What you need to do. Please return the listing below from the line with "De hitch arm" through its last line, exactly, and include nothing else.
(Supplied entries)
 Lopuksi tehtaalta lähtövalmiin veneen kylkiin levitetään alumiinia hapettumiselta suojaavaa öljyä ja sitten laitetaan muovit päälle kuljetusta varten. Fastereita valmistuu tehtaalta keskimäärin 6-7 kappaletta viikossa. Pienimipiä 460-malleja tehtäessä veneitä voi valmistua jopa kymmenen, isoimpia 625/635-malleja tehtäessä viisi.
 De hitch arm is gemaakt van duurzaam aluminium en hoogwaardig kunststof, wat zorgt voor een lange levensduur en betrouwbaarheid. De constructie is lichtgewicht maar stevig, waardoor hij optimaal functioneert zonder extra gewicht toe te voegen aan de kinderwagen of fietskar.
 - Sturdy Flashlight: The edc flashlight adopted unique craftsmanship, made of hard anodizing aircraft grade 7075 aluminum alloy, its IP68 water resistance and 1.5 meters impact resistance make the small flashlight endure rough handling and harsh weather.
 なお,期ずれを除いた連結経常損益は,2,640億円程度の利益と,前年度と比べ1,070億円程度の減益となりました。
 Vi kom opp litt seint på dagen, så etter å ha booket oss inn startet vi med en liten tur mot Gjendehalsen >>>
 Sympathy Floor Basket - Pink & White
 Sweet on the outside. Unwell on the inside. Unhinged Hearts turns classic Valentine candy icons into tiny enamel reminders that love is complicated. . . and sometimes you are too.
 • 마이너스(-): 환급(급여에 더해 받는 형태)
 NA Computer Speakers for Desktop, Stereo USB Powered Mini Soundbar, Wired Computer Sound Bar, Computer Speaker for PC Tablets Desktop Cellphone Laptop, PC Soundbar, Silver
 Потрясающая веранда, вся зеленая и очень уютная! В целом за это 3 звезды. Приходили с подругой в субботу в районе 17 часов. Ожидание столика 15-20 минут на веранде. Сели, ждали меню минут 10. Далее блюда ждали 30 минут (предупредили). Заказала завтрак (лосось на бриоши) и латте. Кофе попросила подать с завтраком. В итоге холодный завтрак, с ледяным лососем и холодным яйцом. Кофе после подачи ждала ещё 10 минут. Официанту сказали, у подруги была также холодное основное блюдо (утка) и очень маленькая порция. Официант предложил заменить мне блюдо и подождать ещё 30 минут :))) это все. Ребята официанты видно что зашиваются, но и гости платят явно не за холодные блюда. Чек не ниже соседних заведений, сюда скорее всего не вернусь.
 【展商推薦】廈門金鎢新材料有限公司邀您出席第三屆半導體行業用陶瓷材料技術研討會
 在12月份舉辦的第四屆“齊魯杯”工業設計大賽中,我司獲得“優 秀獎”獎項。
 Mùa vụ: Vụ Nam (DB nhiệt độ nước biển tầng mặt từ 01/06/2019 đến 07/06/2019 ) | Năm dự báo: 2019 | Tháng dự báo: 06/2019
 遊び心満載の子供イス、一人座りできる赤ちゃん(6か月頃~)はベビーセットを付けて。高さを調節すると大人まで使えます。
(End Supplied entries)
Solution to this problem.
 De hitch arm is gemaakt van duurzaam aluminium en hoogwaardig kunststof, wat zorgt voor een lange levensduur en betrouwbaarheid. De constructie is lichtgewicht maar stevig, waardoor hij optimaal functioneert zonder extra gewicht toe te voegen aan de kinderwagen of fietskar.
 - Sturdy Flashlight: The edc flashlight adopted unique craftsmanship, made of hard anodizing aircraft grade 7075 aluminum alloy, its IP68 water resistance and 1.5 meters impact resistance make the small flashlight endure rough handling and harsh weather.
 なお,期ずれを除いた連結経常損益は,2,640億円程度の利益と,前年度と比べ1,070億円程度の減益となりました。
 Vi kom opp litt seint på dagen, så etter å ha booket oss inn startet vi med en liten tur mot Gjendehalsen >>>
 Sympathy Floor Basket - Pink & White
 Sweet on the outside. Unwell on the inside. Unhinged Hearts turns classic Valentine candy icons into tiny enamel reminders that love is complicated. . . and sometimes you are too.
 • 마이너스(-): 환급(급여에 더해 받는 형태)
 NA Computer Speakers for Desktop, Stereo USB Powered Mini Soundbar, Wired Computer Sound Bar, Computer Speaker for PC Tablets Desktop Cellphone Laptop, PC Soundbar, Silver
 Потрясающая веранда, вся зеленая и очень уютная! В целом за это 3 звезды. Приходили с подругой в субботу в районе 17 часов. Ожидание столика 15-20 минут на веранде. Сели, ждали меню минут 10. Далее блюда ждали 30 минут (предупредили). Заказала завтрак (лосось на бриоши) и латте. Кофе попросила подать с завтраком. В итоге холодный завтрак, с ледяным лососем и холодным яйцом. Кофе после подачи ждала ещё 10 минут. Официанту сказали, у подруги была также холодное основное блюдо (утка) и очень маленькая порция. Официант предложил заменить мне блюдо и подождать ещё 30 минут :))) это все. Ребята официанты видно что зашиваются, но и гости платят явно не за холодные блюда. Чек не ниже соседних заведений, сюда скорее всего не вернусь.
 【展商推薦】廈門金鎢新材料有限公司邀您出席第三屆半導體行業用陶瓷材料技術研討會
 在12月份舉辦的第四屆“齊魯杯”工業設計大賽中,我司獲得“優 秀獎”獎項。
 Mùa vụ: Vụ Nam (DB nhiệt độ nước biển tầng mặt từ 01/06/2019 đến 07/06/2019 ) | Năm dự báo: 2019 | Tháng dự báo: 06/2019
 遊び心満載の子供イス、一人座りできる赤ちゃん(6か月頃~)はベビーセットを付けて。高さを調節すると大人まで使えます。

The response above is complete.